*** Begin section ***

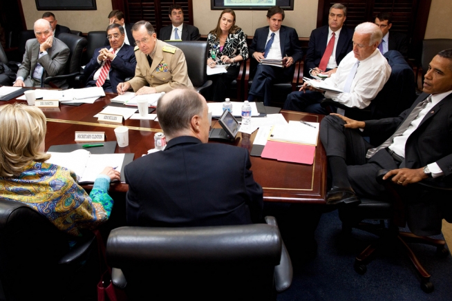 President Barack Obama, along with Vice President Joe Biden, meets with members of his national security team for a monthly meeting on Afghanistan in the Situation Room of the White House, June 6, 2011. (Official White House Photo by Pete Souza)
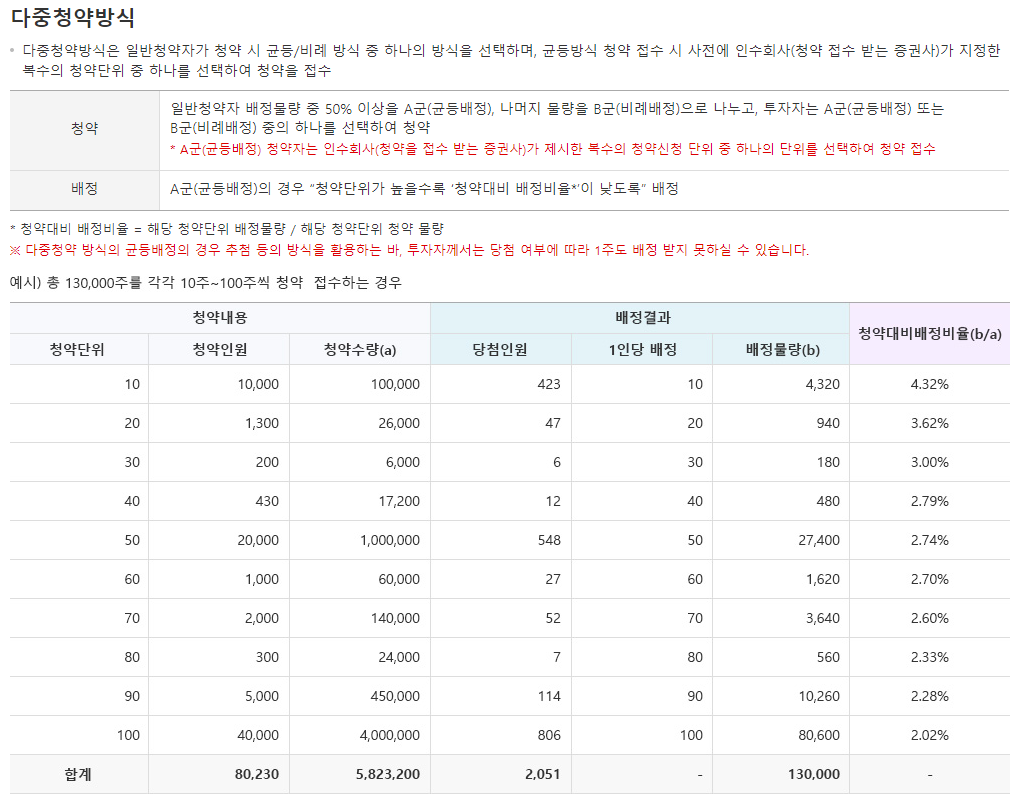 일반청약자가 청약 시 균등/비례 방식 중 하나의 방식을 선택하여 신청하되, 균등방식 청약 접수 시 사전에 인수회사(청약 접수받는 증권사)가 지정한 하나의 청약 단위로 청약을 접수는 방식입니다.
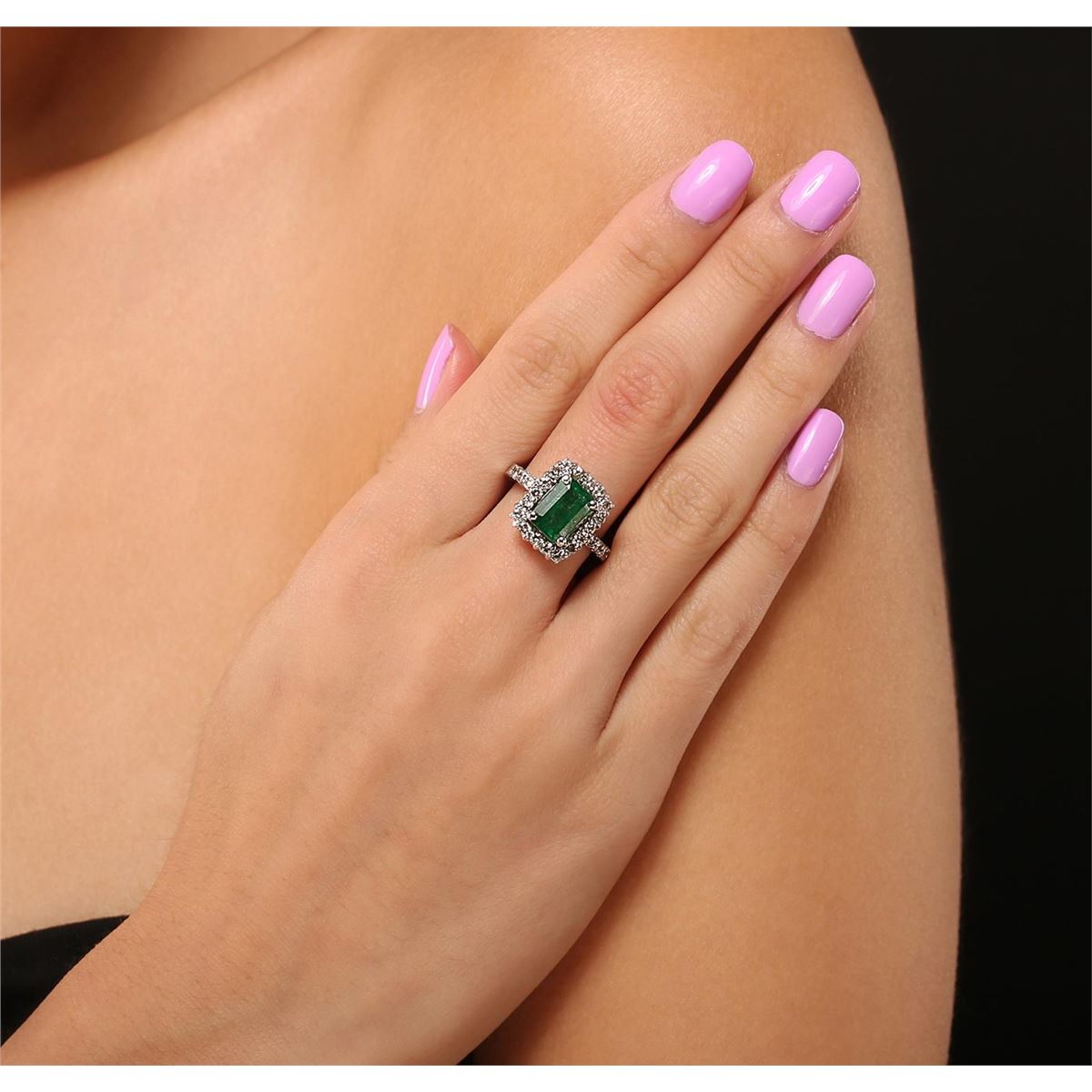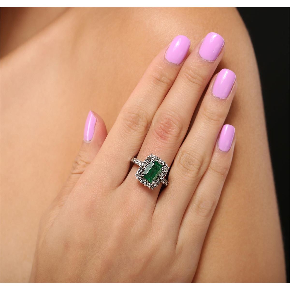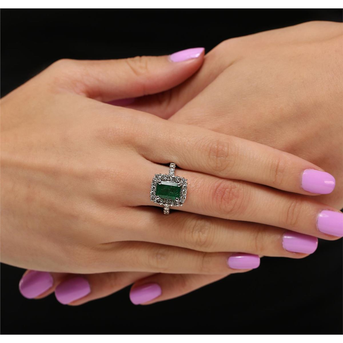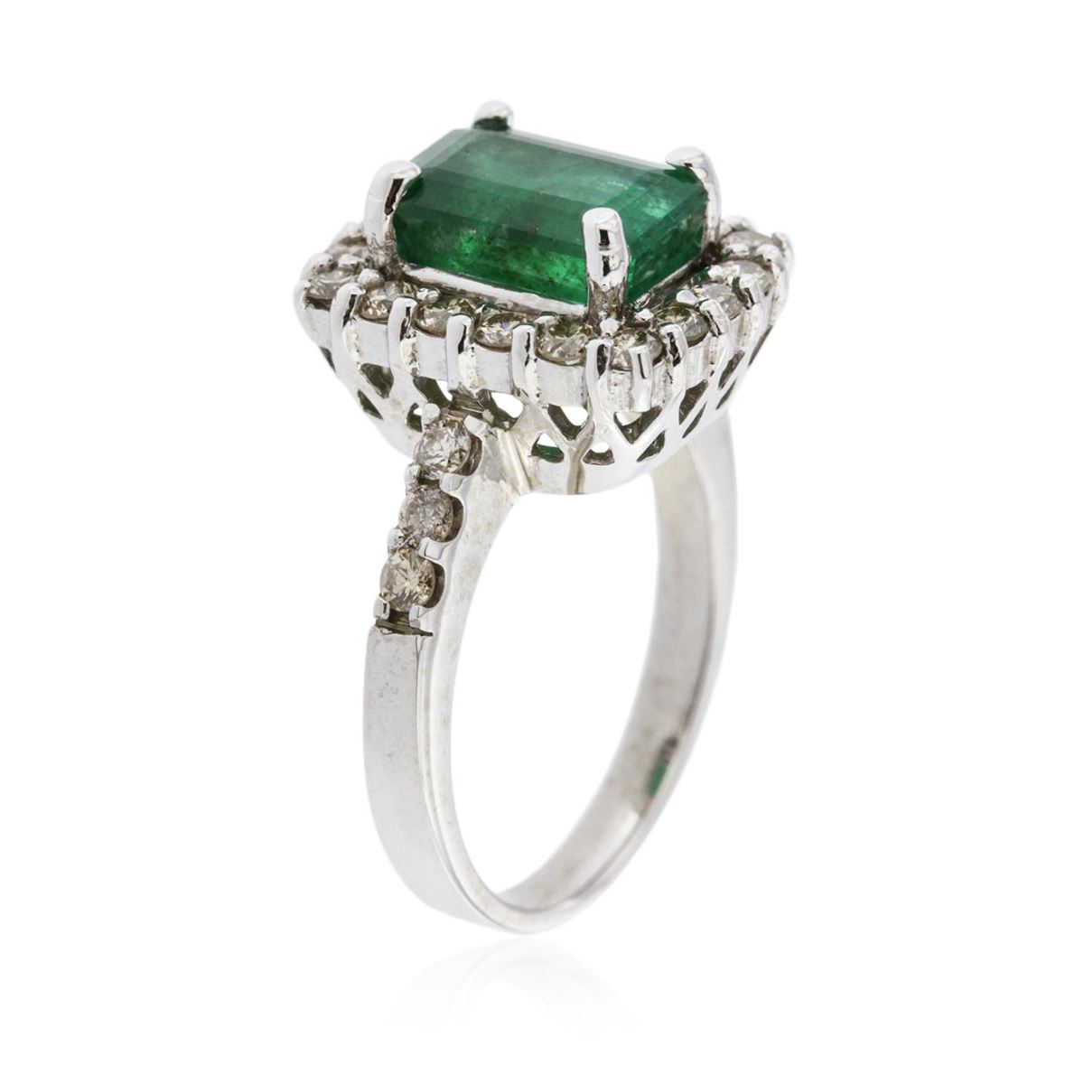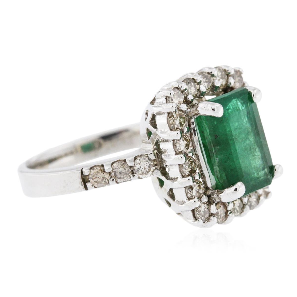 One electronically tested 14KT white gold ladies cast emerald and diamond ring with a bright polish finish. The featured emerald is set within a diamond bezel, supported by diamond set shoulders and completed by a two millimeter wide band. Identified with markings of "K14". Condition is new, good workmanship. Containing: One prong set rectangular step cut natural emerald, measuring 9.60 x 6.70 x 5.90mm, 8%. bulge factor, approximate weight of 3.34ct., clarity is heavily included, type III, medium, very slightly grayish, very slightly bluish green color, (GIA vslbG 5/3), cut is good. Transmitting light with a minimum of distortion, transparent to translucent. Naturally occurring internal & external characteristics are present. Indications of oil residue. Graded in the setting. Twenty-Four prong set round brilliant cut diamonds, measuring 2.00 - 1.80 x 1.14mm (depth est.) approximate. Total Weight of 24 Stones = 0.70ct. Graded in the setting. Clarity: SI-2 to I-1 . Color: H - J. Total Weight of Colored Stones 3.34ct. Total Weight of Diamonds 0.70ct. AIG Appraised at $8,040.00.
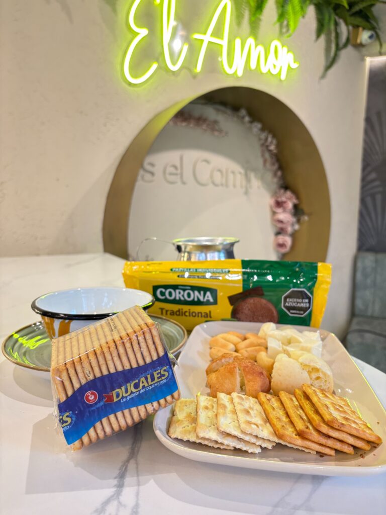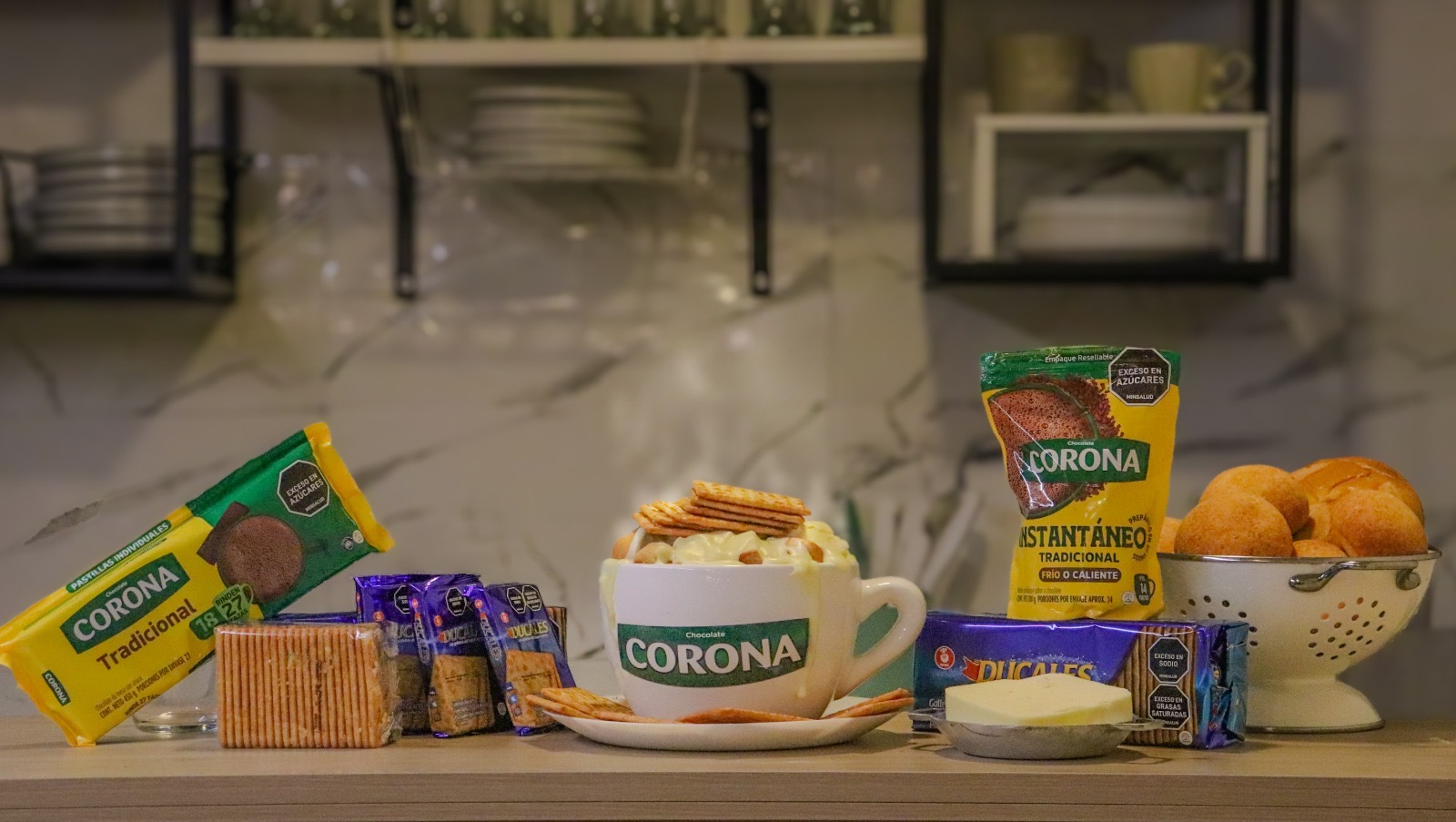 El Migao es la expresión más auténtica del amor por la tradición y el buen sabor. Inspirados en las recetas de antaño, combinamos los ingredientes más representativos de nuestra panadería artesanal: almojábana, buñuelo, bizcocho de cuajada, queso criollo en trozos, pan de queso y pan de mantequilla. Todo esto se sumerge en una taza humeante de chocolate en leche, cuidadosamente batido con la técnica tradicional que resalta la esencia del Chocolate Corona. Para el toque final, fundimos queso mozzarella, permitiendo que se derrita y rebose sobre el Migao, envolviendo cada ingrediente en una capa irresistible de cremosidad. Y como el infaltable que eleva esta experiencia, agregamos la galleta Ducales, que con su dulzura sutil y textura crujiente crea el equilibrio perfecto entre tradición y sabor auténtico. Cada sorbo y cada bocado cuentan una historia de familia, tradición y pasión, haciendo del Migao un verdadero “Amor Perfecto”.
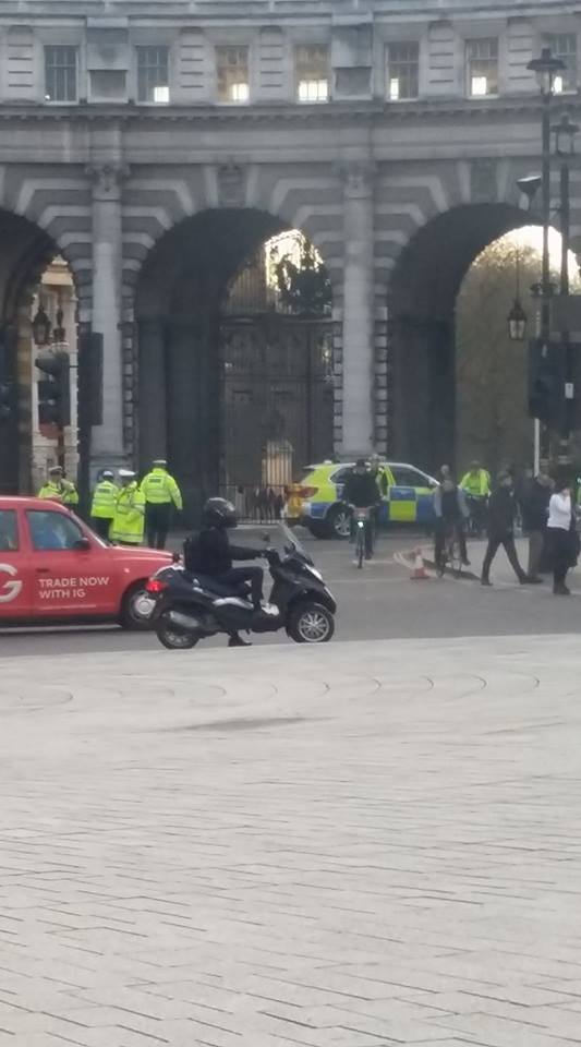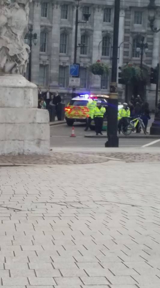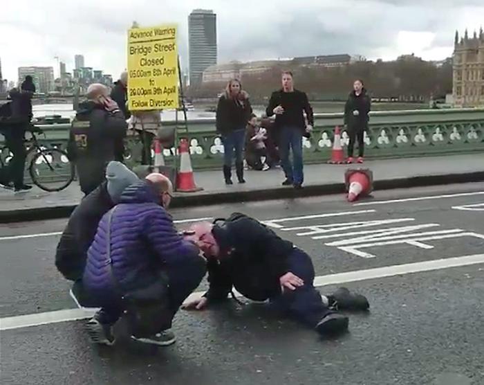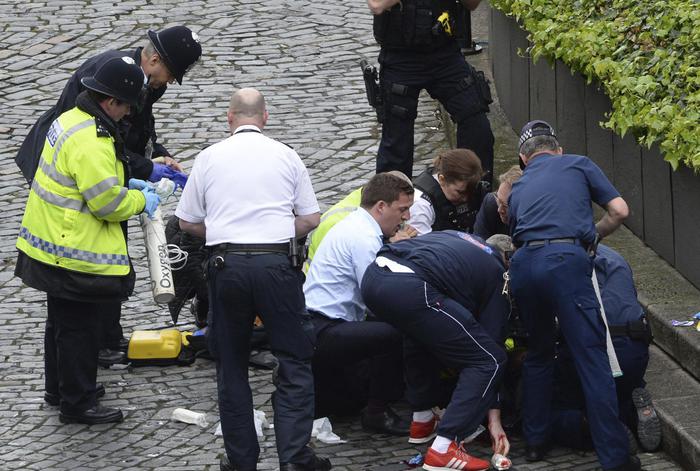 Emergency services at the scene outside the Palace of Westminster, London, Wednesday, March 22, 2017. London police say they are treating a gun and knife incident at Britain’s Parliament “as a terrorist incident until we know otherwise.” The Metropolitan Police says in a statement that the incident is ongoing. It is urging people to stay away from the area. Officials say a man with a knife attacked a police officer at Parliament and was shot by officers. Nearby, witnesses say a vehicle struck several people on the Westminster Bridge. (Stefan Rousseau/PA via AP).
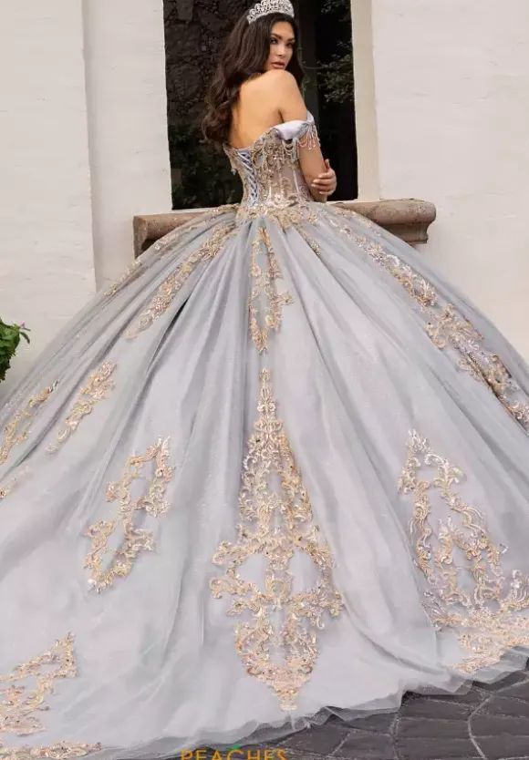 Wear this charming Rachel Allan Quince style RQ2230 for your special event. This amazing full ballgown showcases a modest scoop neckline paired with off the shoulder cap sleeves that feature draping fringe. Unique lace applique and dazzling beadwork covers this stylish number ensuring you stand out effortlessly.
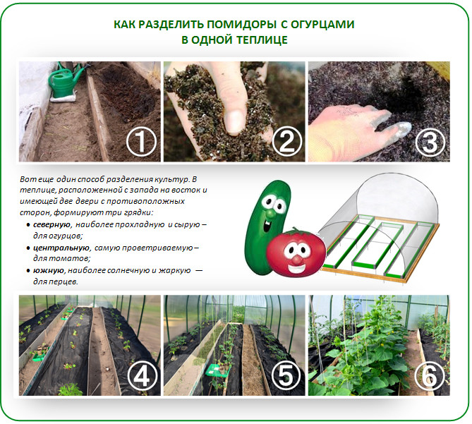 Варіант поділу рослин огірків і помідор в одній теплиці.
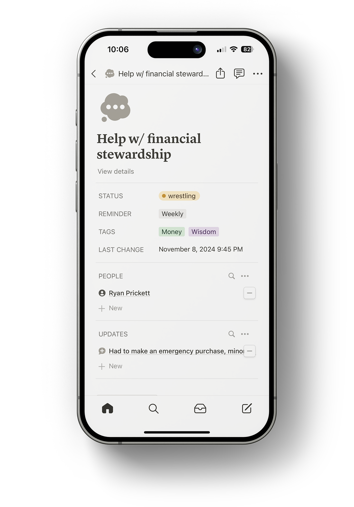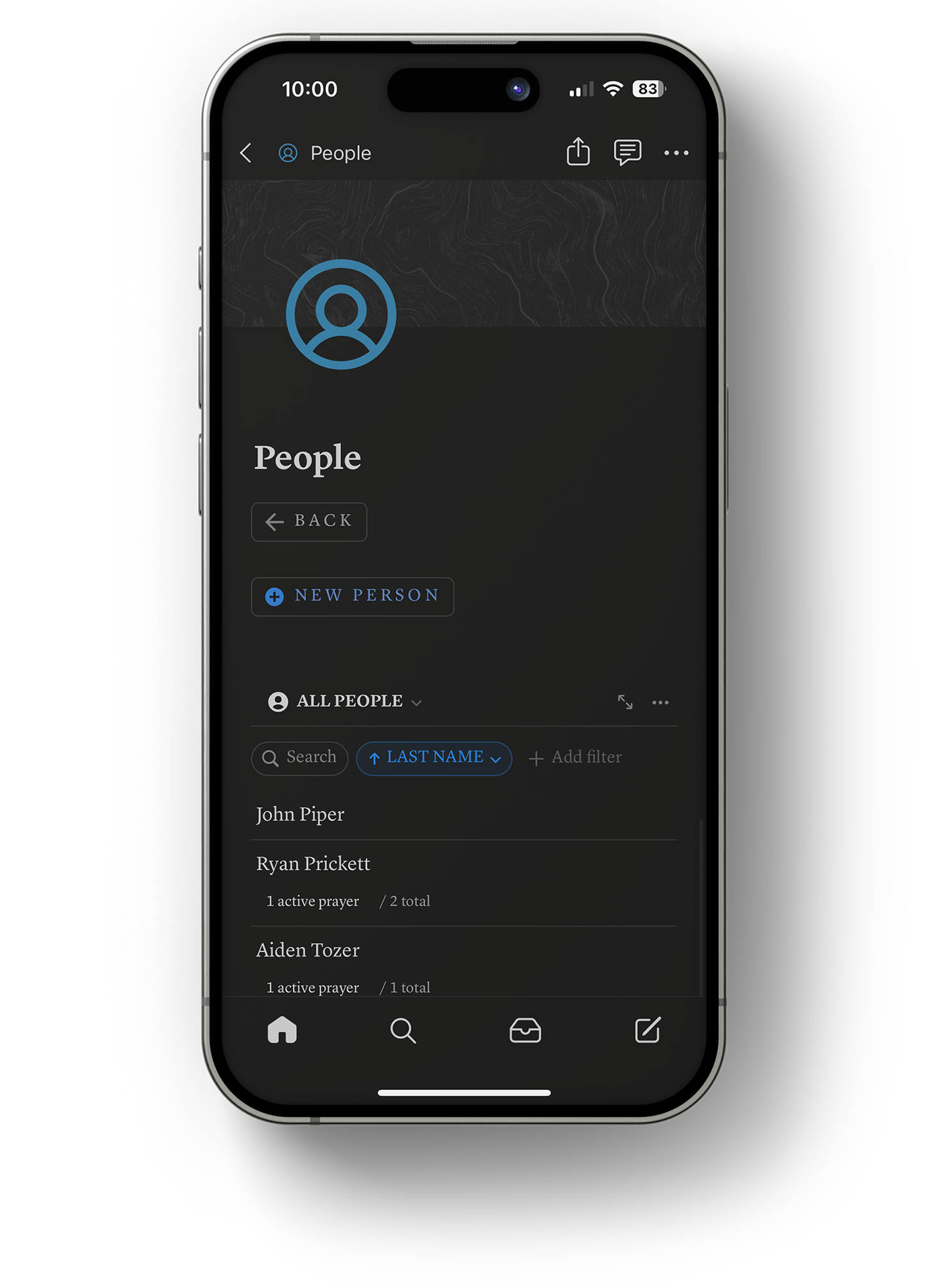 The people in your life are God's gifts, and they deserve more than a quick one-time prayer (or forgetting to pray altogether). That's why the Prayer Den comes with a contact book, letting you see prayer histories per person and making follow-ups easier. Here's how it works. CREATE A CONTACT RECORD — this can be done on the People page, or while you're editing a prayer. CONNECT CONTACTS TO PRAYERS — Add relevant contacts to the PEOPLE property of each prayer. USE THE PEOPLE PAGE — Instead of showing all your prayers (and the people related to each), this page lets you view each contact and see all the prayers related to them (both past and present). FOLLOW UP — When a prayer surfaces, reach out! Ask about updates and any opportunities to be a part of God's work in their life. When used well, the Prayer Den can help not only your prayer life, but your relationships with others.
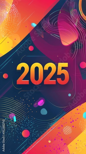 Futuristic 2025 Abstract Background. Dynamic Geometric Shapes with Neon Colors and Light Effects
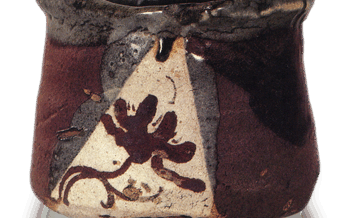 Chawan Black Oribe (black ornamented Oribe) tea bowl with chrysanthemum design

*** End section ***

- [EXERCISE DIRECTIONS]:
Reproduce, word for word, every line from the start of the records down to and including the line with "일반청약자가 청약 시"; skip the pictures.

- [ANSWER FOR THE TASK]:
 President Barack Obama, along with Vice President Joe Biden, meets with members of his national security team for a monthly meeting on Afghanistan in the Situation Room of the White House, June 6, 2011. (Official White House Photo by Pete Souza)
 일반청약자가 청약 시 균등/비례 방식 중 하나의 방식을 선택하여 신청하되, 균등방식 청약 접수 시 사전에 인수회사(청약 접수받는 증권사)가 지정한 하나의 청약 단위로 청약을 접수는 방식입니다.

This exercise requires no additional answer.